American lawyer and philanthropist (1849–1929)

Frederic de Peyster Foster (February 20, 1849 – May 25, 1929) was a prominent American lawyer and philanthropist.

==Early life==
Foster was born in Manhattan on February 20, 1849. He was the eldest surviving son of Frederic Giraud Foster (1809–1879) and Emily (née Hone) Foster (1818–1875) who married in 1844. Among his siblings was Clara Foster (wife of Richard Delafield), Giraud Foster (who accumulated a large fortune from coal and shipping), Marie Antoinette Foster (sister-in-law of William Watts Sherman), Emily Hone Foster (wife of Charles de Rham), and Albert Edward Foster. His father was a successful merchant with Foster & Giraud, later Andrew Foster & Sons.

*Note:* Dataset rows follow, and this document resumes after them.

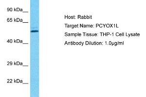 This is a rabbit polyclonal antibody against PCYOX1L. It was validated on Western Blot.
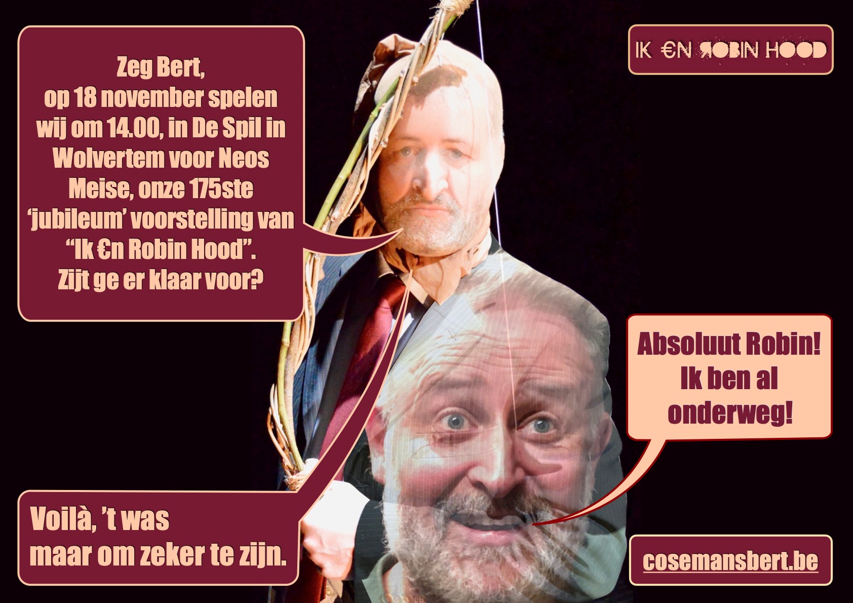 De vader van Bert was baas van een deurenfabriek en geloofde in het individu en ondernemingszin. Zijn grootmoeder aan vaderszijde, Natalie, geloofde in de gemeenschap en lag vaak overhoop met haar zoon. Ze liggen nu naast elkaar op het kerkhof. Zo groeide Bert op, constant heen en weer geslingerd, tussen die twee nogal verschillende opinies én zijn fascinatie voor Robin Hood, die stal van de rijken en gaf aan de armen. Dus besloot hij op zijn 10de de plaatselijke Kredietbank te overvallen. Veertig jaar later stelt hij zich nog steeds vragen over de ongelijkheden in onze samenleving. Wanneer we vandaag horen dat er ongeveer 150 miljoen kinderen op straat leven zijn we heel even heel verontwaardigd, om daarna terug over te gaan tot de orde van de dag. We gaan gewoon verder met ons leven zonder het kapitalisme in vraag te stellen en zo eigenlijk alle macht aan de grootbanken en de multinationals te geven. In de voorstelling vertelt Bert over hoe hij zijn naam op een theateraffiche ziet staan, iets waar hij altijd al van gedroomd heeft, en toch ontevreden is. Ontevreden zoals iemand die 25.000€ in de maand verdient en zich toch nog arm voelt in vergelijking met de superrijken. Dus besluit Bert een kunsthappening te organiseren. Hij gaat voor een bank staan met een pancarte met daarop een provocerende vraag… Bert werd gearresteerd… wegens het verstoren van de openbare orde. Maar gebeurde dit allemaal wel echt? Het maakt niet uit of het echt gebeurde of niet, of de 10-jarige Bert een Robin Hood in ’t klein probeerde te zijn of niet. De Robin Hood legende is tenslotte zelf een verzinsel… of niet? Dit is een vertelling die plagend speelt met feiten en fictie en ons uitdaagt om ons leven terug in eigen handen te nemen.
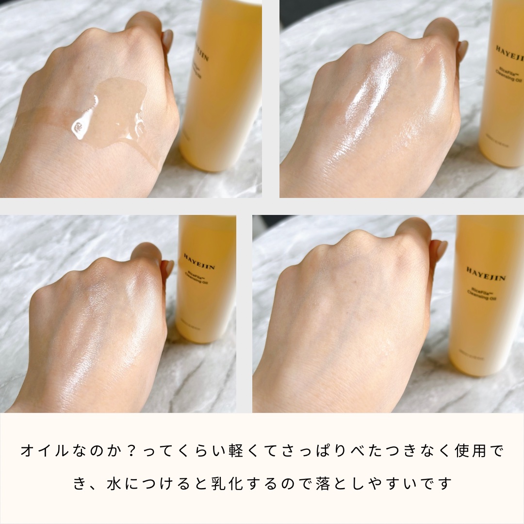 HAYEJINライスフィラ™クレンジングオイル✨米ぬかオイル100,000ppm配合✨オイルなのにぬるつかず軽やかで、さらっとしたテクスチャー🍀洗い上がりもつっぱらず、しっとりとした使い心地です✨植物由来のオイルだから、敏感な日にも使えるのは...
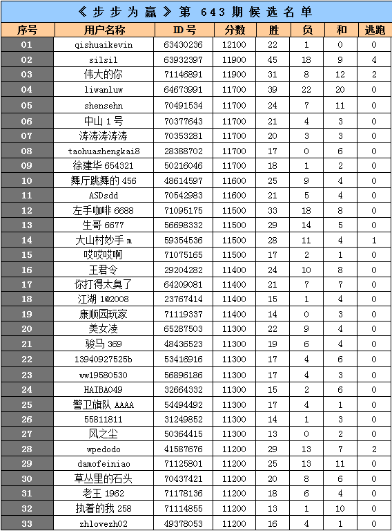 经过一周的激烈角逐,《步步为赢》第643期网络海选的33名候选选手已经揭晓。
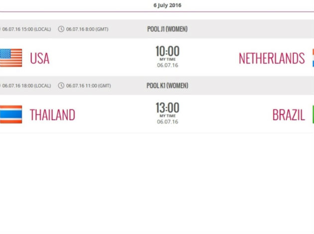 13:00 CET – Pool K: Thailand – Brazil
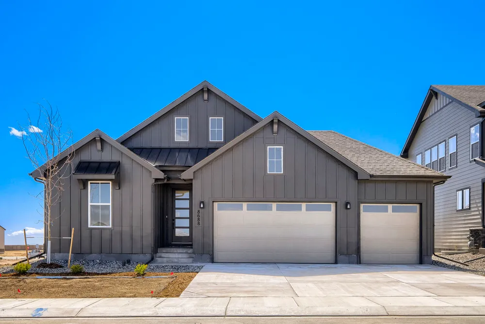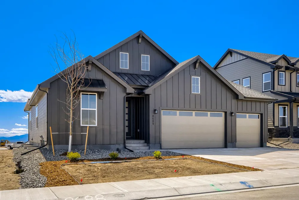 This charming ranch home offers 4 bedrooms, 3 full baths and a spacious 4-car garage, blending style, comfort and functionality. The open-concept design features a large kitchen with upgraded cabinetry, stainless steel appliances, a generous center island and a bright dining nook. The great room is warm and inviting, with a stunning floor-to-ceiling fireplace and large windows that fill the space with natural light. Just off the main living area, a sliding door opens up to an extended outdoor living space, perfect for relaxing or entertaining. The main level also includes a convenient laundry room near the garage entrance, two secondary bedrooms with a shared full bath and a private primary suite featuring dual vanities, a freestanding soaking tub, a walk-in shower and a generous walk-in closet. The finished basement adds even more flexibility with a large rec room, a stylish wet bar, a private guest bedroom and a full bath, perfect for game nights or hosting guests. Additional highlights include custom closets with shoe racks, a tankless water heater and a 96% efficiency-rated furnace for year-round comfort and energy savings.
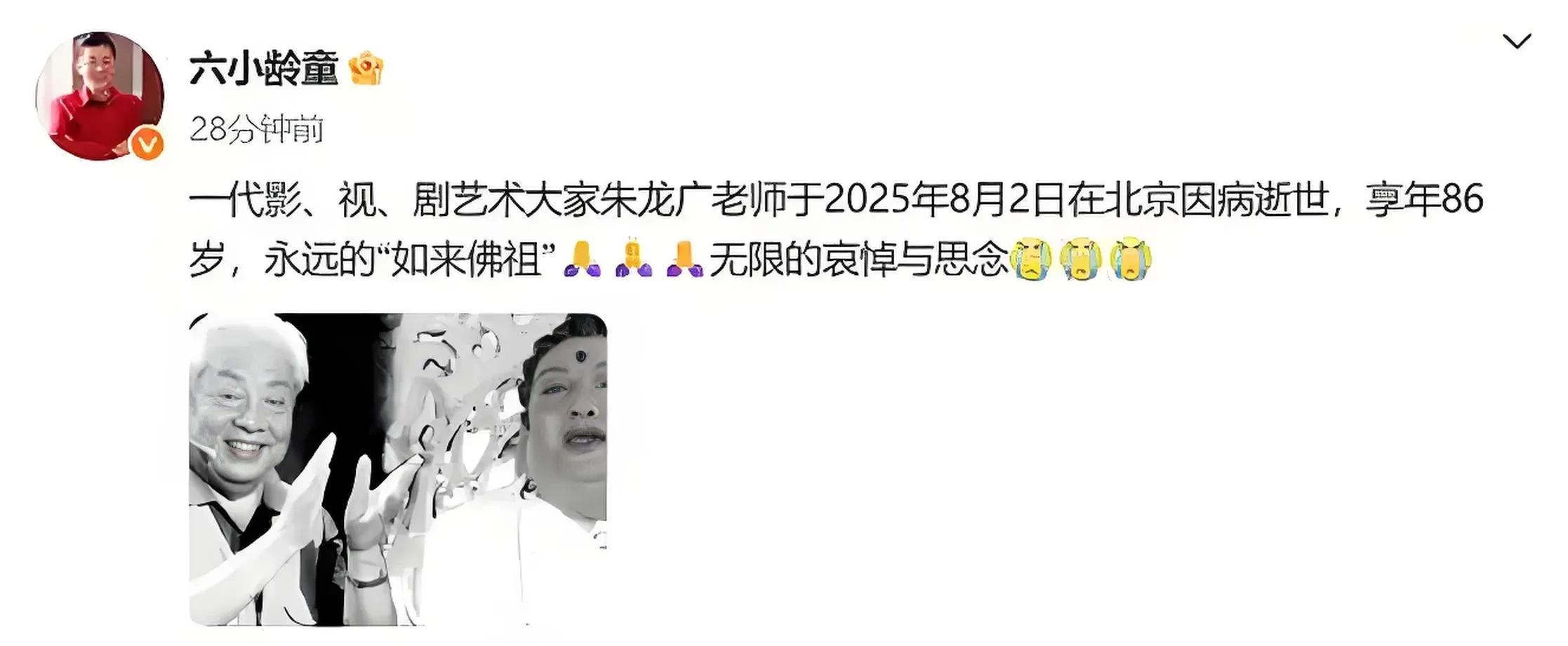 8月2日,北京传来音讯,86岁的老演员朱龙广示寂了。朱龙广在86版《西纪行》中饰演如来佛祖、《武林传奇》中饰演佟掌柜父亲佟伯达等经典扮装。
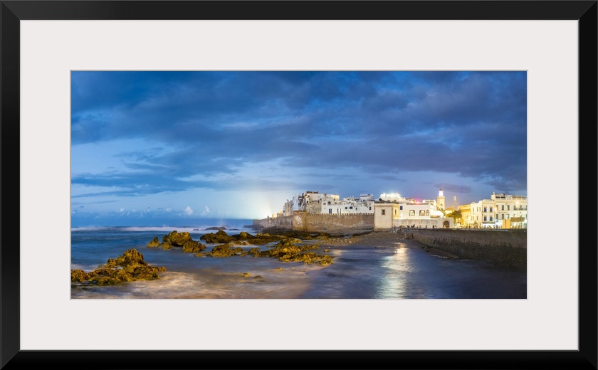 <p>Morocco, Marrakesh-Safi (Marrakesh-Tensift-El Haouz) region, Essaouira. Medina (old town) at dusk, protected by 18th-century seafront ramparts, Skala de la Kasbah.</p>
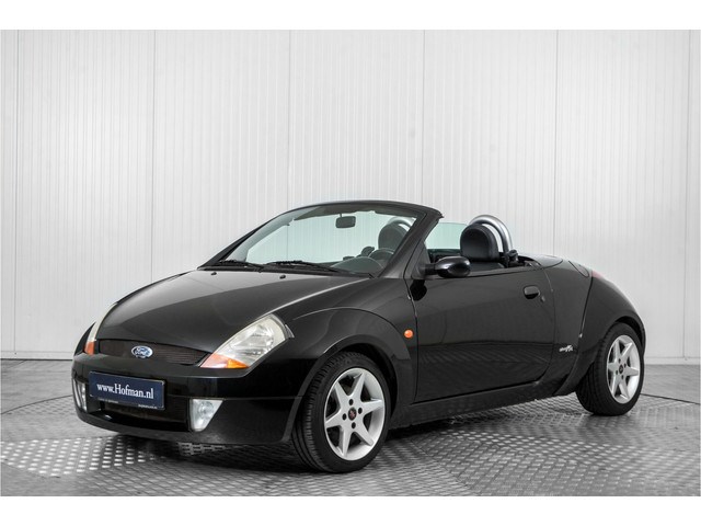 Ontzettend leuke en behoorlijk zeldzame Ford Streetka! Meesterontwerper Pininfarina was verantwoordelijk voor het ontwerp en heeft gezorgd voor een zeer strakke tweezitter cabriolet. Het is absoluut een mooie wagen om te zien de zwarte lak gecombineerd met zwarte bekleding. Dit exemplaar werd geleverd in de meest complete Futura uitvoering en is daarom onder anderen voorzien van lederen bekleding , stoelverwarming en airconditioning. De zeer pittige 1600 cc 4 cilinder motor is goed voor bijna 100 PK, meer dan voldoende voor het lage gewicht van de Streetka. Op de teller staan slechts 114000 km kilometers.
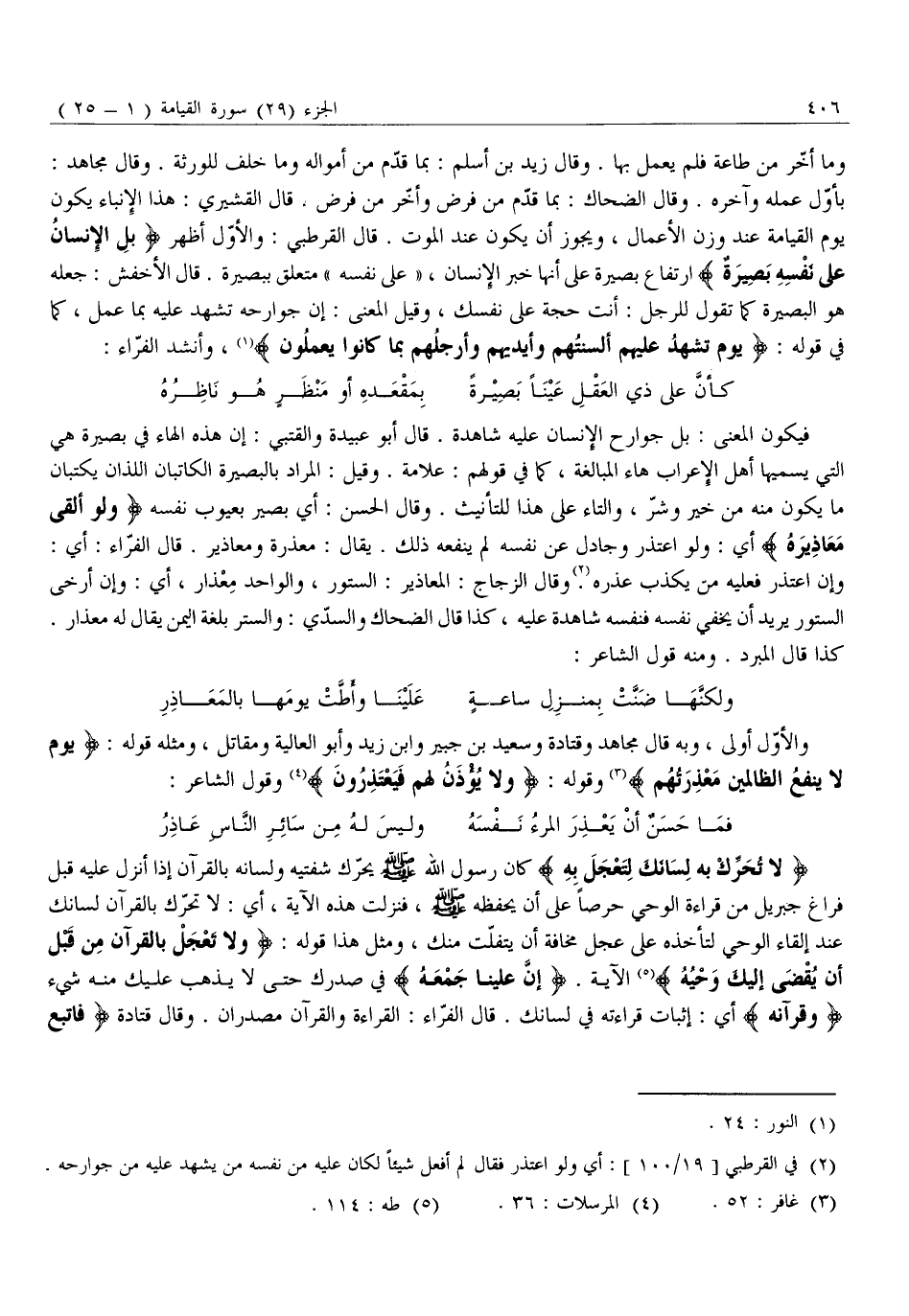 (2) . في القرطبي [19/ 100] : أي ولو اعتذر فقال لم أفعل شيئا لكان عليه من نفسه من يشهد عليه من جوارحه.
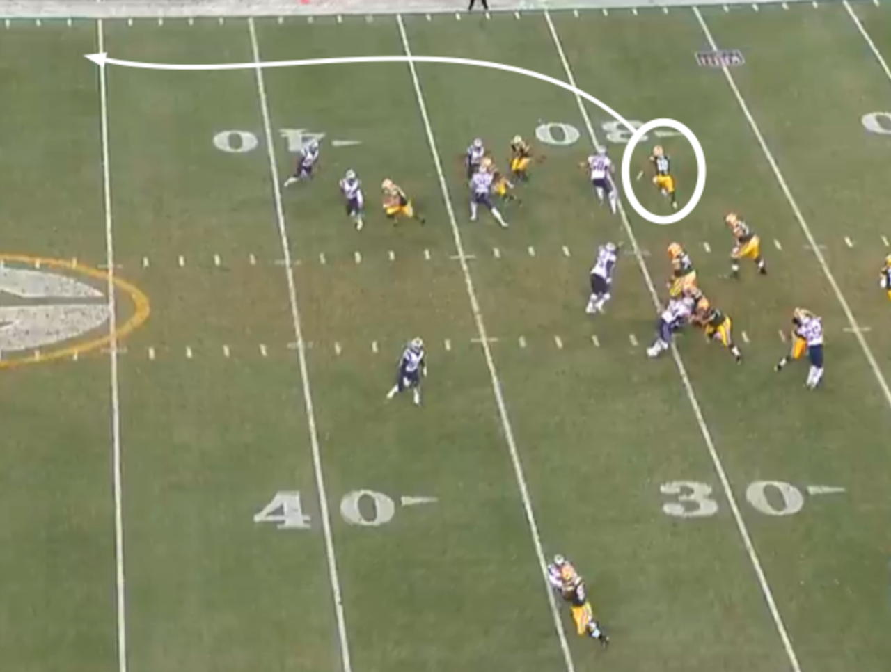 That created a speed mismatch in favor of the Packers. Quarterback Aaron Rodgers lobbed a 33-yard pass down the ride sideline to Cobb.
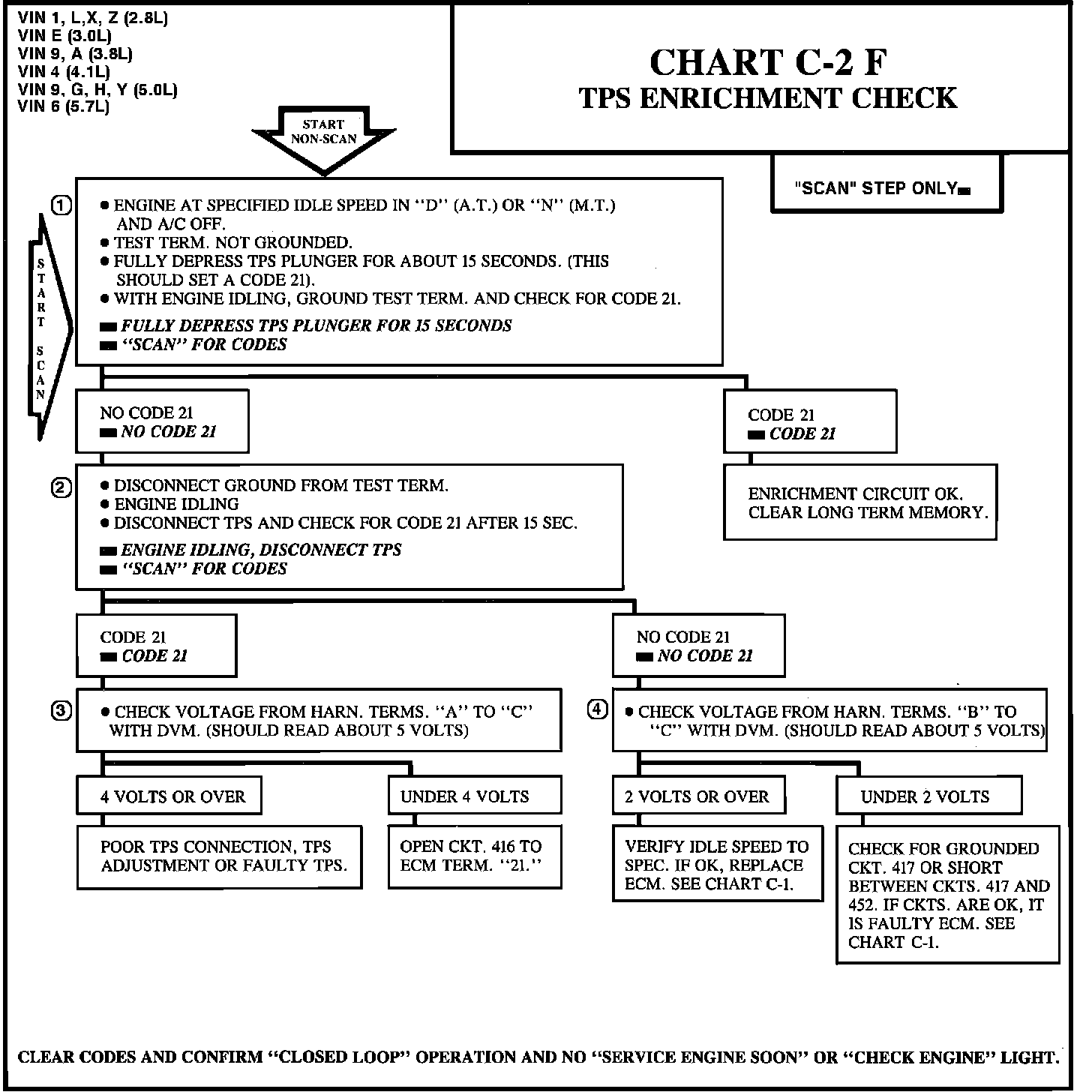 3. This step checks for 5V. ref. at TPS. It should be about 5 volts. If loss of V. Ref. were in the ECM,it should set Codes 21, 32 and 34 since this is the same 5V to MAP, BARO or Vacuum Sensors. Therefore, it must be an open CKT416.
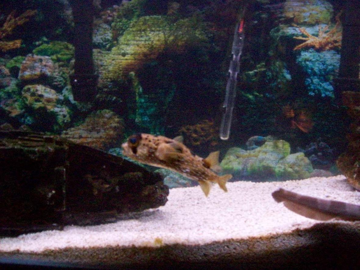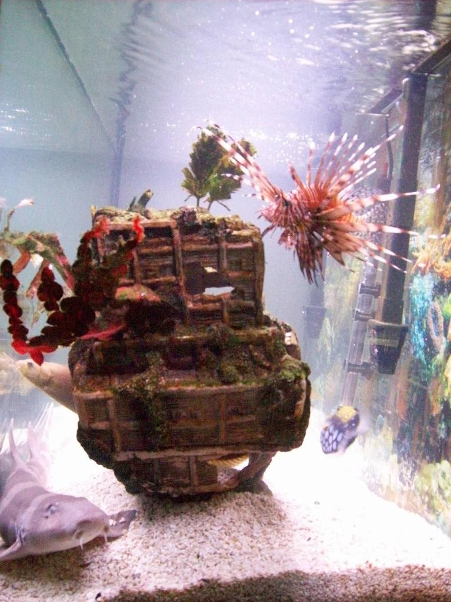 lion fish, clown trigger, banded shark,green wolf eel, porcupine puffer, white snow flake eel,and 2 horse shoe crabs

His paternal grandparents were Ann (née Giraud) Foster and Andrew Foster, one of New York's foremost merchants. His maternal grandparents were John Hone Jr. and Maria Antoinette (née Kane) Hone (a direct descendant of Gerardus Beekman and Wilhelmus Beekman). After his grandfather's death in 1829, his grandmother remarried to Frederic de Peyster, his namesake, in 1839.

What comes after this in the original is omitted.